My answer is the same for my daughter as it was for my son. I raised my children to be independent self sufficient adults. They are capable of deciding what is best for them and their lives. My thoughts on marriage are still the same - it is a good construct within which to raise a child since the children are provided for and protected by established laws. Other than, I would advise all of my children to experience as much of the world as they can before settling for the "One".


----------



## Ynot (Aug 26, 2014)

I struggled with this when my daughter was coming of age. It wasn't as though I ever wanted my daughter to be pulling a train on the local foot ball team, but I want her to know what she wants before she settles for less than what she deserves. Experience is the only way to ensure this, along with a well developed sense of self. If you teach them to value themselves, you don't need to do any sort of "extreme vetting"


----------



## tropicalbeachiwish (Jun 1, 2016)

I was waiting for this thread to happen! Usually when a thread opens geared toward 1 gender, another is opened for the opposite.

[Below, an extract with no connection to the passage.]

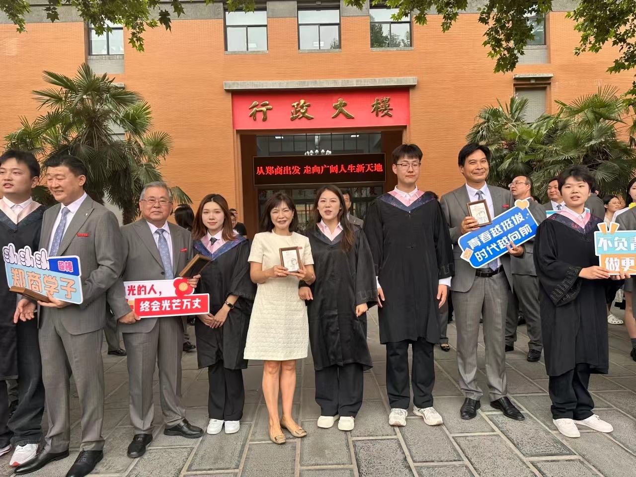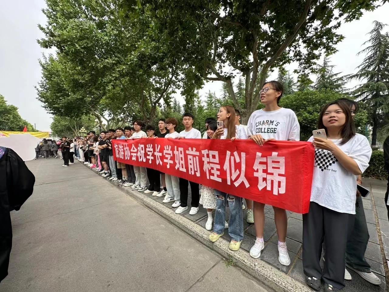 学弟学妹们带着各式的标语、手卡、鲜花、礼物,有秩序地分列在巡礼路线两侧,为学长学姐们送上祝福;毕业生们与师长、同学们挥手告别,相互祝福,再一次行走在郑商校园里。

I don't know why you would answer differently depending on whether you have a son or a daughter. Maybe posters can comment on that part of it. 

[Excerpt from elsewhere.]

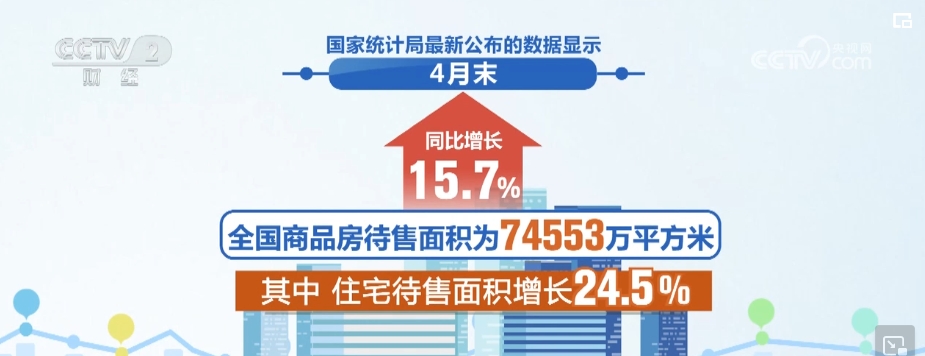 國(guó)家統(tǒng)計(jì)局最新公布的數(shù)據(jù)顯示,4月末,全國(guó)商品房待售面積為74553萬(wàn)平方米,同比增長(zhǎng)15.7%。其中,住宅待售面積增長(zhǎng)24.5%。

I don't have children, but if I did. . . . . . . I wouldn't necessarily "advise" them to get married but I certainly would share the pros and cons of it so they can determine if it's best for them. And, I would definitely tell them to watch out for certain things that are red flags. I don't think marriage is for everyone.


----------



## soccermom2three (Jan 4, 2013)

My answer is the same as the other thread.


----------



## kag123 (Feb 6, 2012)

EleGirl said:


> I don't think parents have any business telling their adult children whether to marry or not. Once they are adults, they pretty much do whatever they choose.


Right? 

They aren't gonna listen to me anyways! Grown @ss adults make their own decisions.


----------



## Itwasjustafantasy (Jan 8, 2016)

....


----------



## Ol'Pal (Aug 24, 2015)

Marriage is a great deal for women. I could never advise my son to get married though.


----------



## jb02157 (Apr 16, 2014)

I really don't think that marriage is a good idea for anyone anymore. You rarely come across marriages that last longer than 10 years. Most young people think of marriage as an extended date and aren't that serious about it. Both my daughters have seen how bad their parents marriage has been and will probably think twice before they want to go through it themselves. I won't stop them but I will definitely tell them the truth about it, that it's not for everyone and only the strongest of relationships will make it through.


----------



## TX-SC (Aug 25, 2015)

Only if they elope. Weddings are way too expensive! 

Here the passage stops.